What is the MuSSeL
Corpus?
A
learner corpus is a principled, computerized collection of learner language
production. The texts in a learner
corpus are carefully curated and can be digitally searched and/or analyzed in
order to allow for large-scale investigations of their features, such as lexis,
syntax, and language development. Such
research contributes to our understanding of second language learning. In addition, research using learner corpora
can inform language pedagogy, from materials development (e.g., definitions in
learner dictionaries can be supplemented with information about frequent errors
associated with that lexical item) to curriculum design and classroom
methodologies (e.g., activities can be designed that anticipate and explicitly
address frequent learner errors related to a particular lexical item or
grammatical structure).
The
MuSSeL Corpus project is focused on the development of a learner corpus
containing spoken language produced by 1,800 learners of six foreign languages:
Chinese, Russian, Portuguese, Spanish, French, and German. Speech samples are collected during testing
using one of two instruments: Adult samples are collected using The American
Council on the Teaching of Foreign Languages (ACTFL) Oral Proficiency Interview
by computer (OPIc). Child samples are obtained from the ACTFL Assessment of
Performance towards Proficiency in Languages (AAPPL).

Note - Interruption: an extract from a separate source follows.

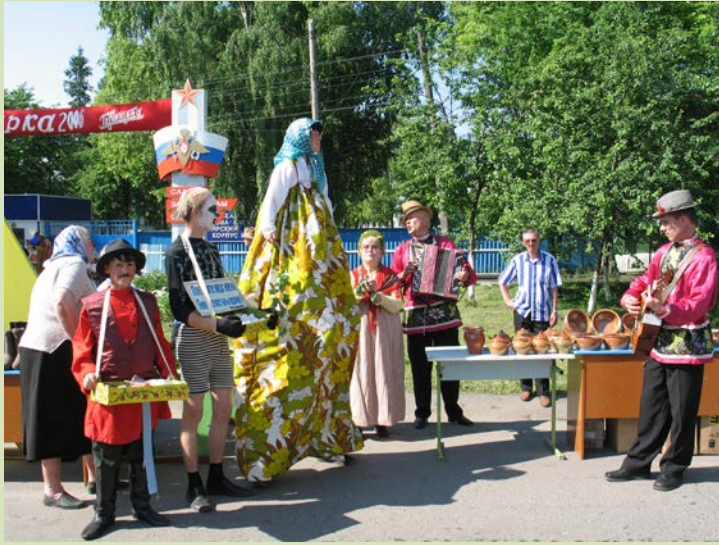
мастеров, занимающихся валяльным промыслом.

История Сухокарсунского гончарного промысла насчитывает не одно столетие. Посуда из знаменитой глины была в ходу как у жителей Карсунского района, так и далеко за его пределами.

There are samples from each language in three
contexts: longitudinal data collected from child L2 learners enrolled in Utah’s
Dual Language Immersion programs in grades 3 and 5 (AAPPL samples), OPIc
samples from adult L2 learners in classroom contexts, and OPIc samples from
adult L2 learners who have acquired their L2 through immersion.
Applications
Researchers
will be able to use the MuSSeL corpus to investigate a variety of questions
related to second language learning and its associated mechanisms. These include the order of acquisition of
linguistic features, the effects of first language transfer on L2 development,
and the relative difficulty of particular linguistic structures in a given
L2.
Teachers
can use the corpus to inform their instruction in a variety of ways, including
curriculum development and the development of lesson plans and activities. The corpus can be used to answer questions
such as: What does learner speech look
like at different proficiency levels?
What types of difficulties do learners commonly encounter with a new
vocabulary word or grammatical structure?